Task statement: Each line below should be repeated exactly, but no picture should be carried over.

Given information:

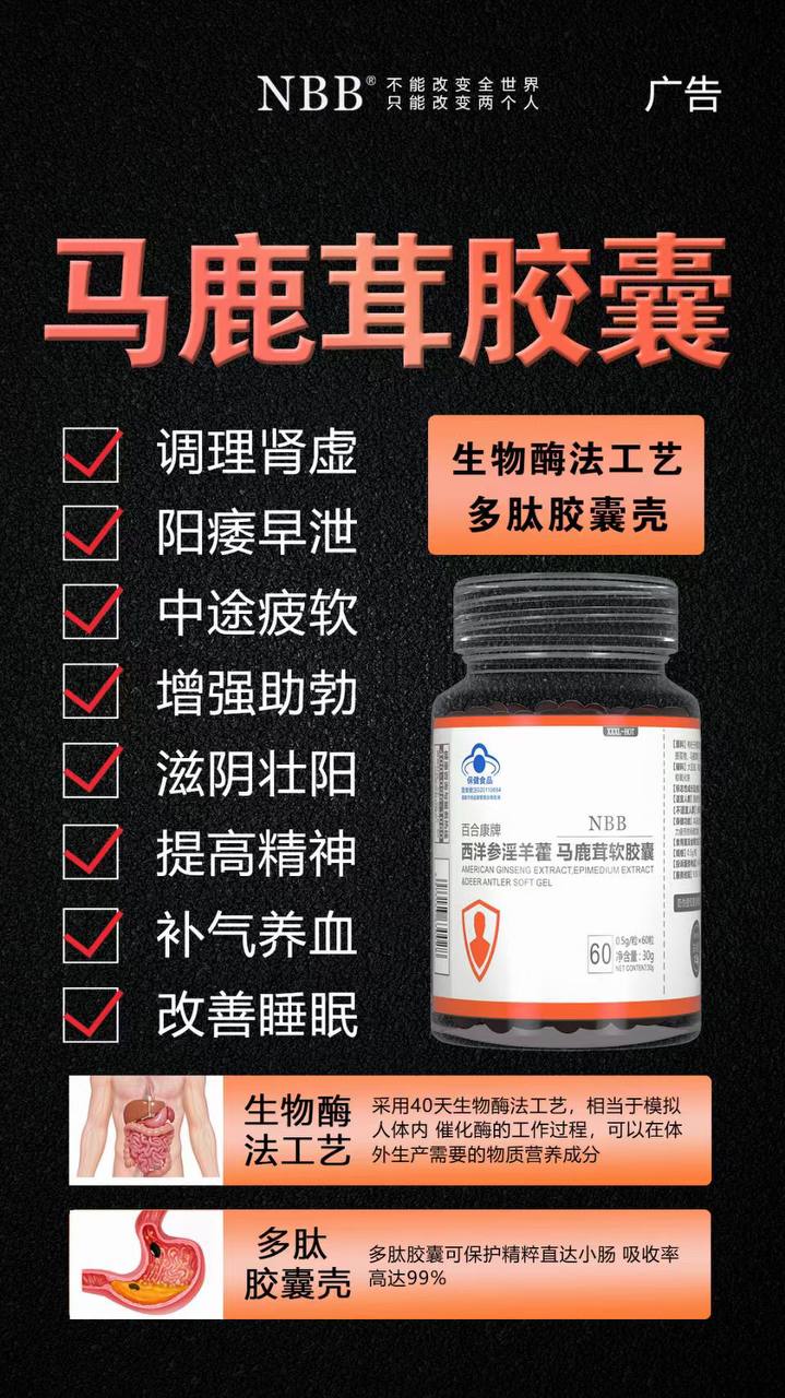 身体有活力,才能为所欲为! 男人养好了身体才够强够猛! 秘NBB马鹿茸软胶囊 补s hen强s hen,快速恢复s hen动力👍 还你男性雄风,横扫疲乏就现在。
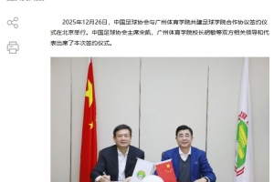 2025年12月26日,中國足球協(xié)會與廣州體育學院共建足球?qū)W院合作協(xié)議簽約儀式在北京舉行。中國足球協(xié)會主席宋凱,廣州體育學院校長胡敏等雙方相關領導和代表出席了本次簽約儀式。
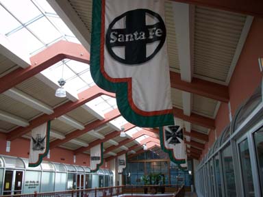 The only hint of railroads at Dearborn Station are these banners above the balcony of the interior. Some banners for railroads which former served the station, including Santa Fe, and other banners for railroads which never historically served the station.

Answer space:
 身体有活力,才能为所欲为! 男人养好了身体才够强够猛! 秘NBB马鹿茸软胶囊 补s hen强s hen,快速恢复s hen动力👍 还你男性雄风,横扫疲乏就现在。
 2025年12月26日,中國足球協(xié)會與廣州體育學院共建足球?qū)W院合作協(xié)議簽約儀式在北京舉行。中國足球協(xié)會主席宋凱,廣州體育學院校長胡敏等雙方相關領導和代表出席了本次簽約儀式。
 The only hint of railroads at Dearborn Station are these banners above the balcony of the interior. Some banners for railroads which former served the station, including Santa Fe, and other banners for railroads which never historically served the station.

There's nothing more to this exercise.